Material provided: Begin
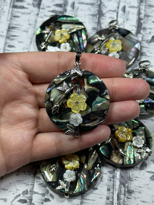 Natural Abalone Shell Pendant Charm, Beautiful Rainbow Abalone Coin Circle Shape Pendant with Floral Flower Design for Jewelry Making (1pc)
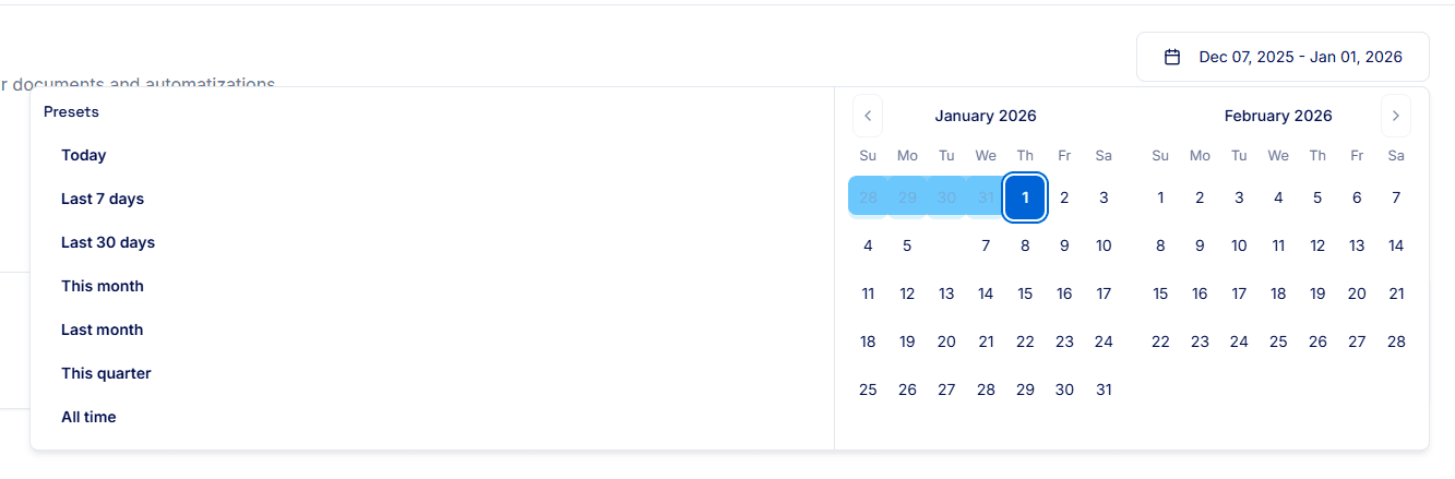 Choose a custom date range or select from preset options (e.g., Last 7 days, Last 30 days, This Month, etc) to view metrics for that timeframe.
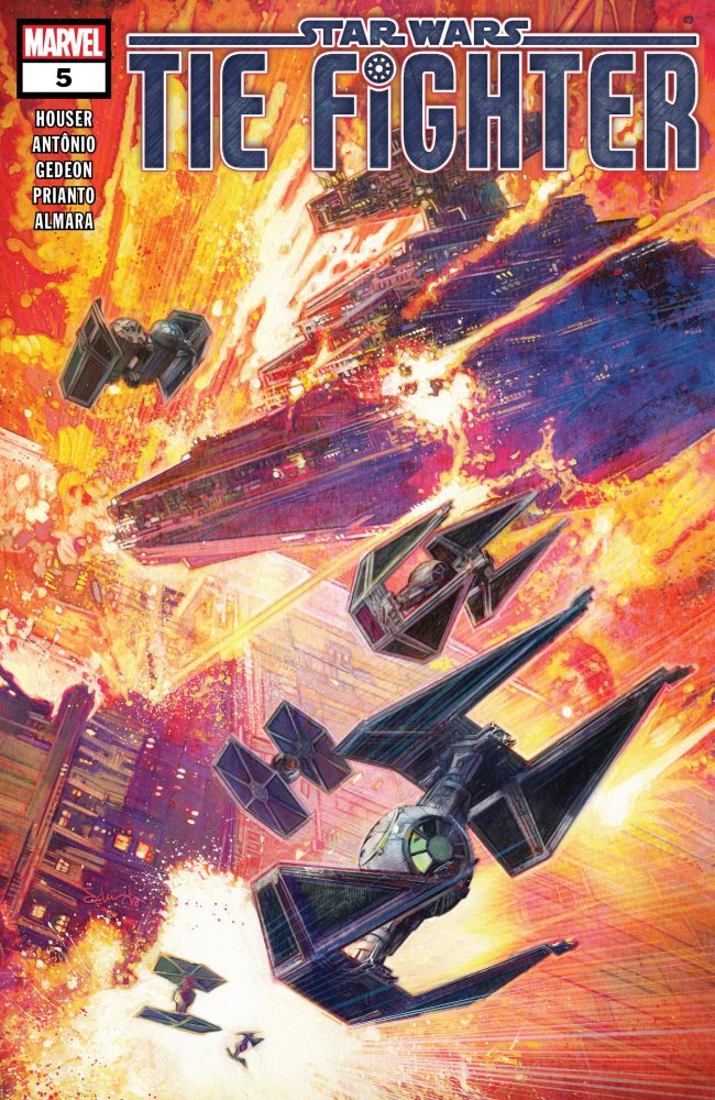 For an issue that is predominantly based around an attack on the floating rebel recruitment base, the fifth and final issue of TIE Fighter manages to fit in plenty of character moments that punctuate the dogfights and show us just what – and why – these Imperial pilots are fighting….and then throw in a curveball right at the end of the issue, leaving us wanting more. As a series, the issues have built and built and built to this finale, as Shadow Squadron figure out, identify and ultimately take out this recruiting base, and to see them succeed – to see Imperials succeed – shouldn’t but DOES give us some satisfaction.
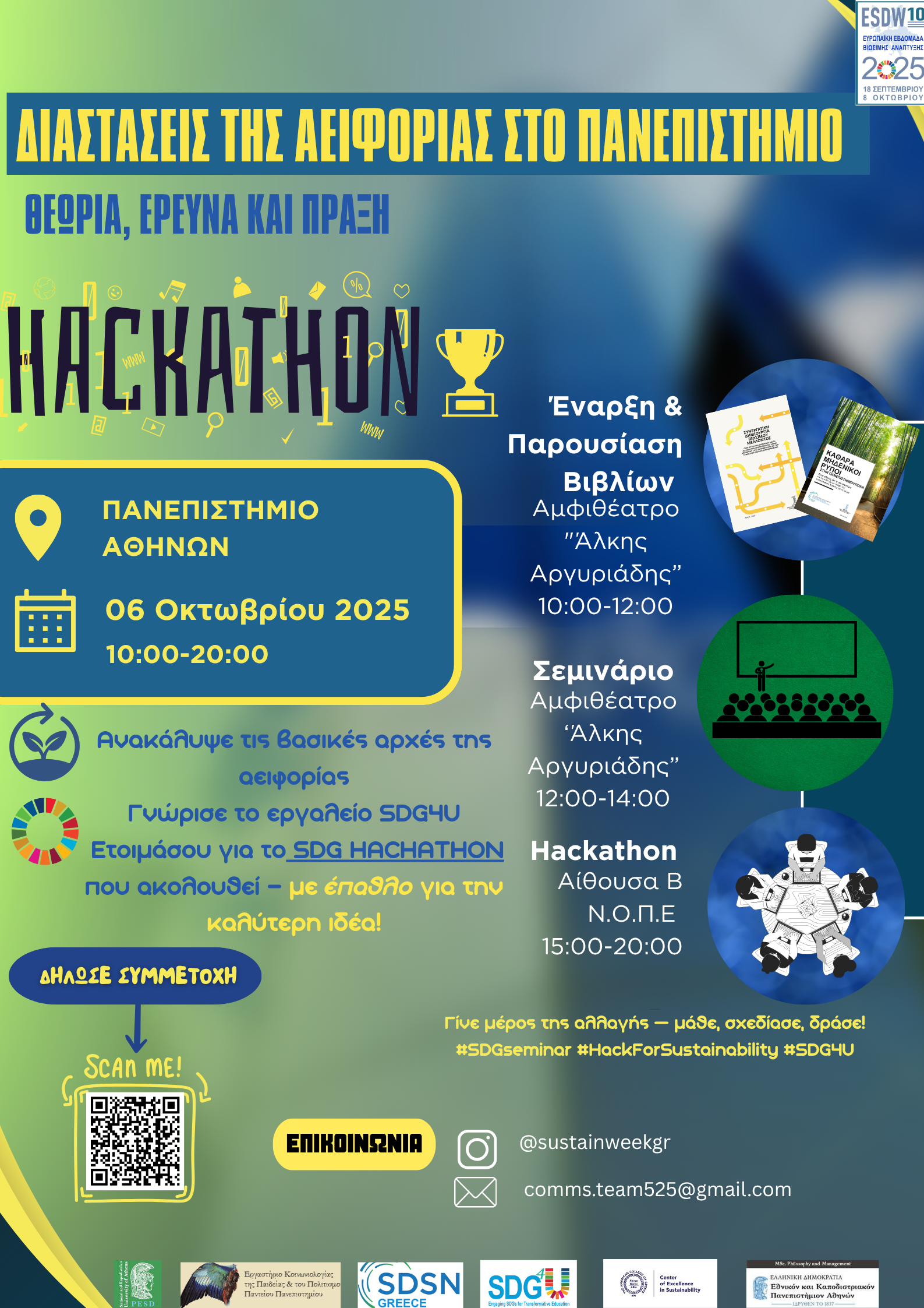 • δια ζώσης σεμινάριο με θέμα «Εισαγωγή στις διαστάσεις της Αειφορίας», αφιερωμένο στους Στόχους Βιώσιμης Ανάπτυξης (SDGs),  καθώς και ένα webinar στο οποίο θα παρουσιαστεί το ευρωπαϊκό ερευνητικό έργο SDG4U
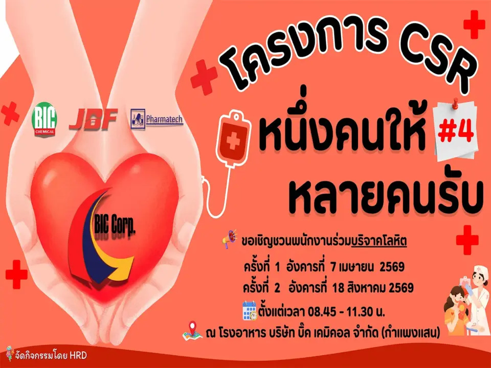 บริษัท บิ๊ค คอร์ปอเรชั่น จำกัด และบริษัทในเครือ ร่วมส่งต่อโลหิต ต่อชีวิตเพื่อนมนุษย์ ในโครงการ “🩸1 คนให้ หลายคนรับ 🩸” ครั้งที่ 1 ประจำปี 2569 วันที่ 07 เมษายน 2569 – คณะผู้บริหารและพนักงาน บริษัท บิ๊ค คอร์ปอเรชั่น จำกัด […]
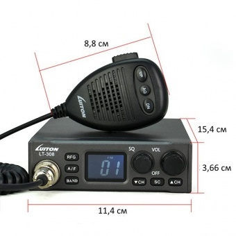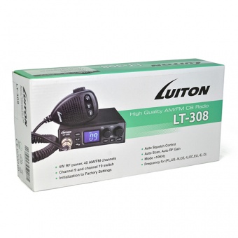 Автомобильная рация Luiton LT-308 работает в безлицензионном гражданском диапазоне 27МГц. Модель LT-308 имеет инверсионный ЖК-дисплей с синей подсветкой, на котором отображается номер выбранного канала, режим модуляции и другие активные функции.
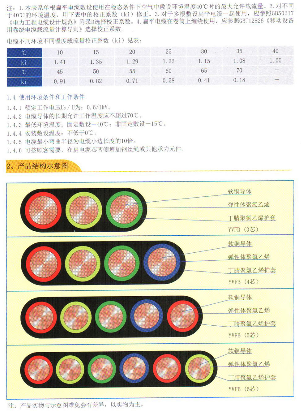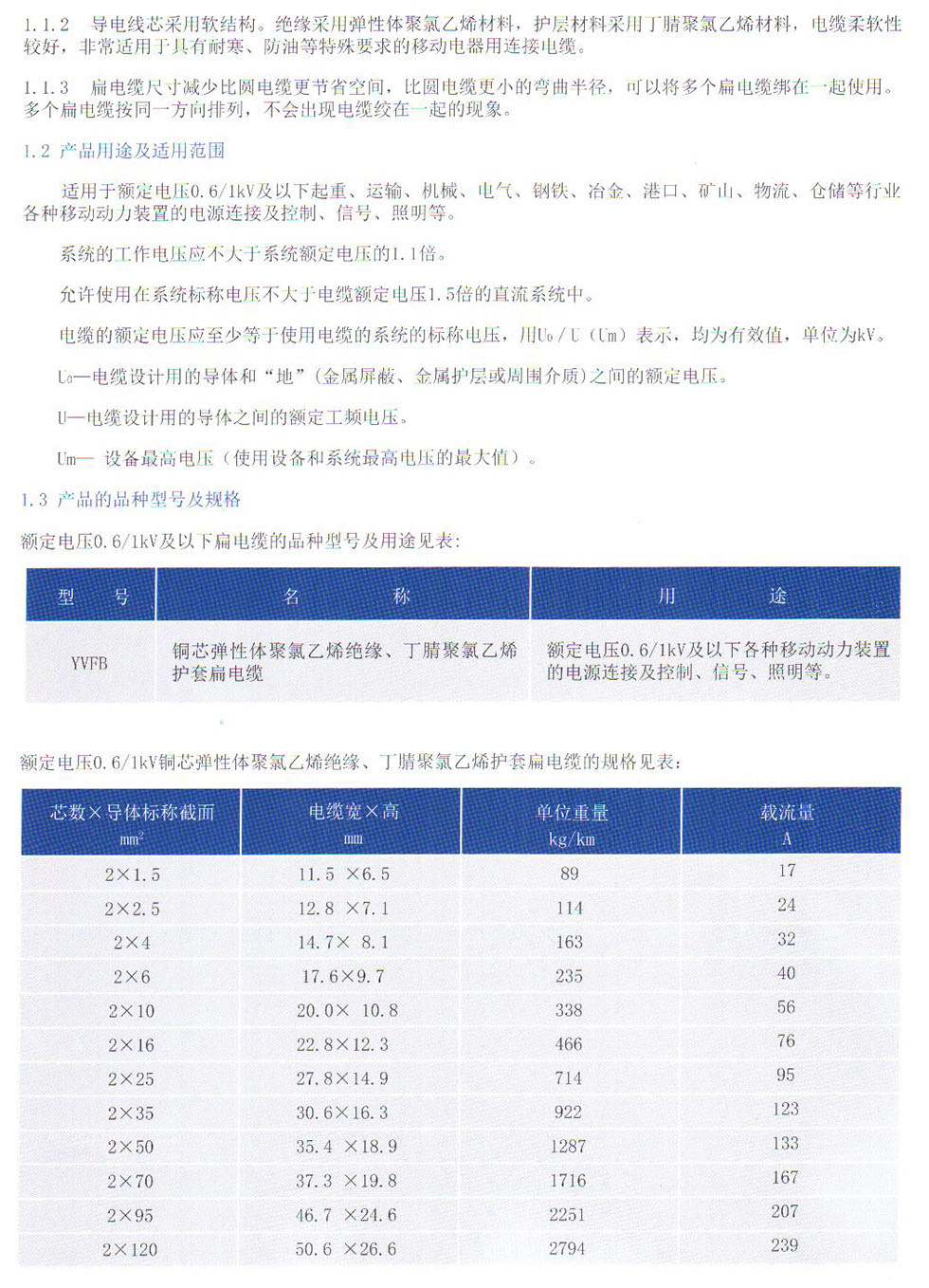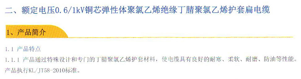 额定电压0.6/1kv铜芯弹性体聚氯乙烯绝缘丁腈聚氯乙烯护套扁电缆
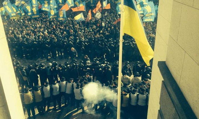 Від мітингувальників-націоналістів, які чисельністю близько 200 осіб зібралися під стінами Верховної Ради з прапорами УПА, почали летіти шумові гранати до головних дверей будівлі, передає УНН.
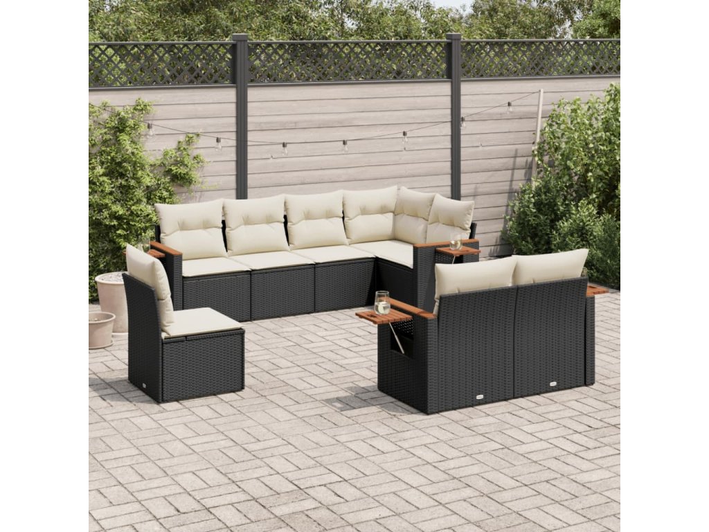 8dílná zahradní sedací souprava s poduškami černá polyratan 3227001
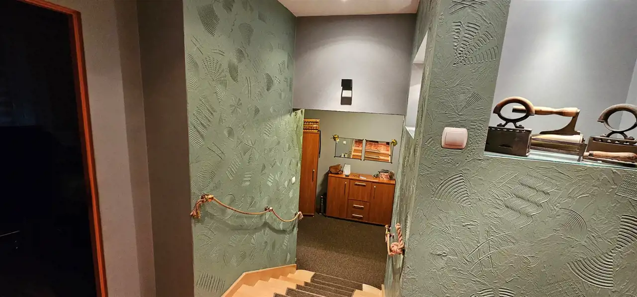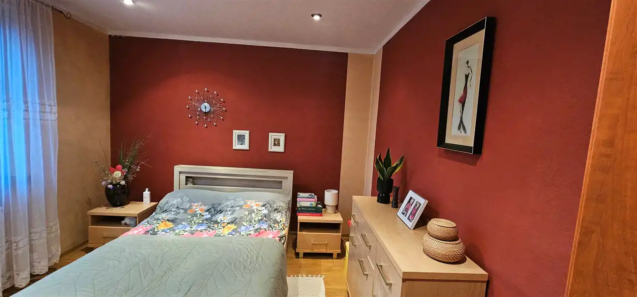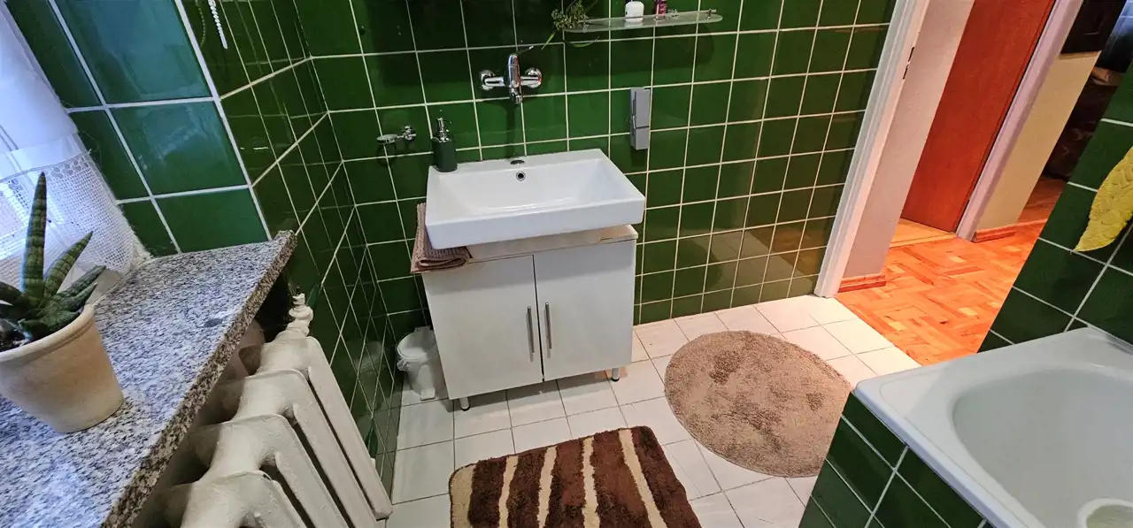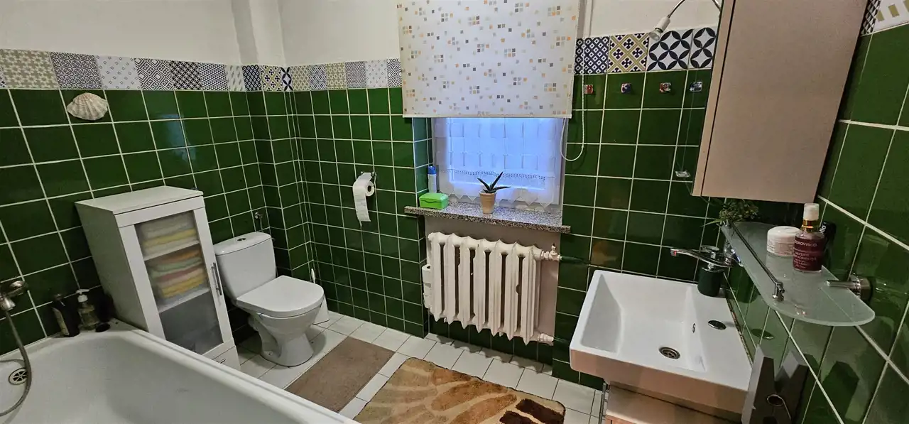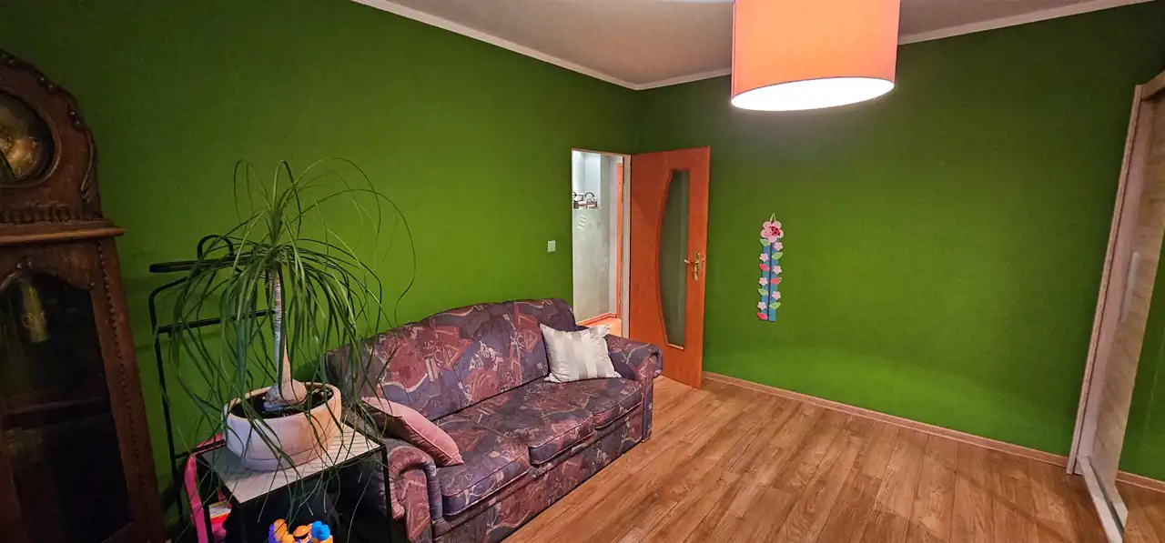 Pokoje wykończone panelami, ściany gładzone, okna PCV, jeden z pokoi wyposażony w szafę typu Komandor. Łazienka razem w wc, z oknem, wyposażona w wannę, wykończona glazurą.
Material provided: End
▸ **Assignment**
Only the lines from the one containing "额定电压0.6/1kv铜芯弹性体聚氯乙烯绝缘丁腈聚氯乙烯护套扁电缆" through the final line of the entries belong in the copy, both ends included. Pictures stay out.

▸ **Output for this task**
 额定电压0.6/1kv铜芯弹性体聚氯乙烯绝缘丁腈聚氯乙烯护套扁电缆
 Від мітингувальників-націоналістів, які чисельністю близько 200 осіб зібралися під стінами Верховної Ради з прапорами УПА, почали летіти шумові гранати до головних дверей будівлі, передає УНН.
 8dílná zahradní sedací souprava s poduškami černá polyratan 3227001
 Pokoje wykończone panelami, ściany gładzone, okna PCV, jeden z pokoi wyposażony w szafę typu Komandor. Łazienka razem w wc, z oknem, wyposażona w wannę, wykończona glazurą.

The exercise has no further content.